Software stocks have stabilized after last week’s rout, but experts caution that this is not necessarily a reason for optimism. UBS downgraded the U.S. technology sector to neutral, citing pervasive uncertainty in the software industry and expectations that AI infrastructure spending will soon moderate.
UBS analysts noted that spending on AI infrastructure one of the key drivers of the recent AI rally may be nearing a peak after increasing more than fourfold in the past three years. Big Tech firms like Microsoft, Alphabet, Amazon, Meta, and Oracle could collectively report capital expenditures of up to $700 billion this year, a staggering figure that has at times spooked investors worried about whether these companies can recoup such massive investments.
For investors, this downgrade signals caution: while AI has fueled growth, the sustainability of that spending is now in question. The outlook suggests potential volatility in tech stocks as markets reassess risk and value.
The AI boom has been the driving force behind the bull market of the past three years. Investors are now questioning whether stocks can sustain their momentum without Big Tech’s ever-increasing outlays on data center equipment. UBS’s downgrade of the U.S. tech sector to neutral reflects growing concerns that AI infrastructure spending may be peaking, raising doubts about the durability of the rally.
For investors, this matters because the health of the broader market has been closely tied to AI-driven growth. If spending slows, it could trigger volatility across tech stocks and ripple into other risk assets. The shift underscores the need for diversification and careful monitoring of capital expenditure trends among major players like Microsoft, Alphabet, Amazon, Meta, and Oracle.
UBS expects capital expenditure growth on AI infrastructure to moderate from current levels.
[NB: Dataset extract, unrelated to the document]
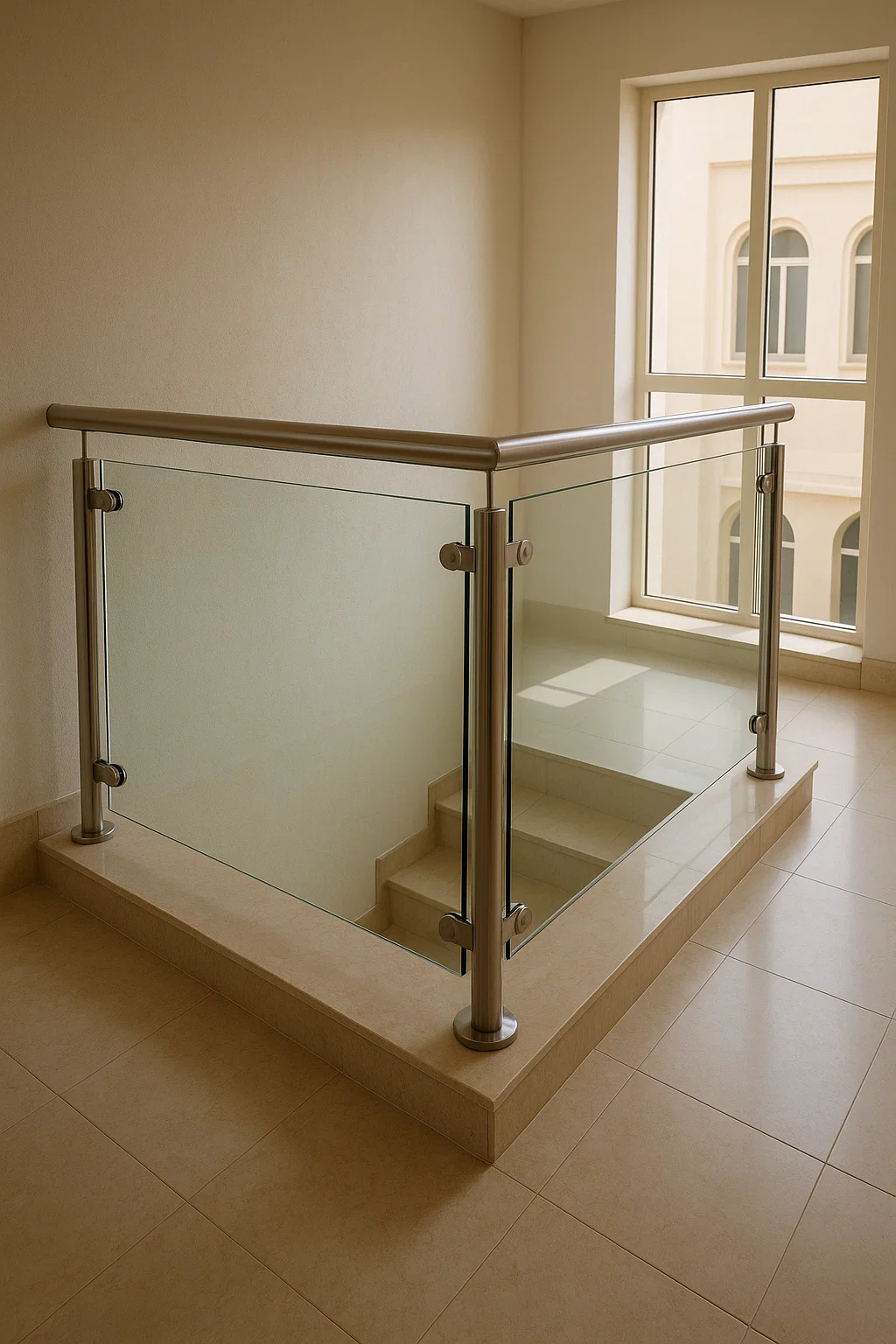 - درابزين زجاج مع قواعد ستانليس ستيل: الاكثر اتشارا لمتانتة وجاذبيتة كما يناسب السلالم والممرات.

While this could improve investor perceptions of Big Tech firms making the heavy investments, it poses a potential negative for companies in the enabling layer such as Nvidia, Broadcom, and Micron all of which have benefited from surging demand during the data center boom.
UBS also flagged persistent uncertainty about AI’s impact on the software industry, which sparked last week’s “SaaSpocalypse.” Software stocks plunged after AI startup Anthropic released agentic tools, amplifying fears that AI could be more of a threat than an opportunity for incumbents. UBS analysts warned that “the threat of increased competition makes it difficult for investors to have conviction in the growth rate and profitability of firms in the software industry,” adding that this uncertainty is likely to linger.
Jefferies analysts recently argued that the slowdown in capital expenditures viewed by UBS as a headwind could ultimately benefit software stocks. They suggest the data center boom has overshadowed the software industry’s mid-teens revenue growth, making it look weak by comparison. A moderation in AI spending could help reset expectations and clear the cloud hanging over the sector.
Both UBS and Jefferies agree that last week’s sell-off threw “babies out with the bathwater,” a view echoed by retail investors who aggressively bought the dip, according to Vanda Research. Dip-buyers have been rewarded, with Datadog stock soaring as investors focused on stronger-than-expected revenue despite a weaker profit forecast showing how low expectations can create upside opportunities.
On the flip side, UBS points to high expectations for tech hardware stocks as another headwind. Smartphone manufacturers, buoyed by strong sales from an aging installed base, now face forward price-to-earnings ratios well above their 5- and 10-year averages, setting a high bar for performance in 2026.
UBS’s downgrade of the U.S. tech sector reflects growing concerns that AI infrastructure spending may have peaked after years of explosive growth. While Jefferies sees slower capex as a potential reset that could benefit software stocks, UBS warns that uncertainty around AI’s impact especially following Anthropic’s agentic tools release will continue to weigh on investor confidence.
Chipmakers like Nvidia, Broadcom, and Micron face headwinds if data center demand moderates, while software firms remain under pressure from heightened competition. Retail investors have been buying the dip, with names like Datadog rewarded for beating revenue expectations, but high valuations in hardware stocks set a challenging bar. For investors, the message is clear: the AI boom has fueled the bull market, but its sustainability is now in question, making selectivity and risk management critical.